# Cheap Chemex



## funinacup (Aug 30, 2010)

I was just looking for a cheaper place to buy a 6-cup Chemex as Hasbean and Coffeehit etc are all around the £40 mark. A quick google came up with this site;

http://www.thehomeonline.co.uk/prod.php?p=0&i=155

£31 for a 6-cup is roughly a tenner cheaper than most other shops I'd found. I've just ordered it along with some filters so I'll report back with delivery times (if it turns up







) hopefully this will help anyone on the hunt for a chemex









Cheers

Michael


----------



## Outlaw333 (Dec 13, 2011)

Yeah, I nearly got mine from these guys but ended up going to coffee hit because I've become far too careful with deals that seem too good to be true! I'm sure they are fine though


----------



## funinacup (Aug 30, 2010)

Came home to a note behind the door from an attempted delivery from a courier company (not royal mail) yesterday . I am waiting on a part for my car being delivered so assumed it was that as it is quite bulky, collected this morning and it was the Chemex and filters  nice surprise there!

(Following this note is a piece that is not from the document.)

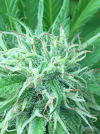 Na een maandje bloeien kreeg ik heel wat mooie witte bloeihaartjes. Iets later, op 22 september, kwamen de trichomen ook op de suikerblaadjes. In deze periode werden er een aantal bladeren geel en begonnen af te vallen. Er stonden al heel wat witte bloeihaartjes en mooie toppen werden gevormd. Tegen 30 september begonnen de meeste toppen bruine bloeihaarjes te krijgen, maar de trichomen zagen er nog doorzichtig uit door de microscoop die ik speciaal voor mijn planten had gekocht.

Very well packaged and rapid delivery! Only issue is they didn't include an invoice in the box and I didn't have one emailed to me so will need to chase that up, but otherwise a good service! Highly recommended.


----------



## Outlaw333 (Dec 13, 2011)

Brilliant!! I'm so glad they are legit! I need three for the brewers cup and a £30 saving overall would be very welcome!


----------



## Earlepap (Jan 8, 2012)

Whoa. I was thinking about entering brewer's cup next year. It didn't occur to me that I'd have to buy two more of any brewing device! Plastic V60 it is then


----------



## Outlaw333 (Dec 13, 2011)

haha! you could go Clever Dripper, they aren't too much? nice and easy to control variables too which will help alot when having to brew three identical coffees.


----------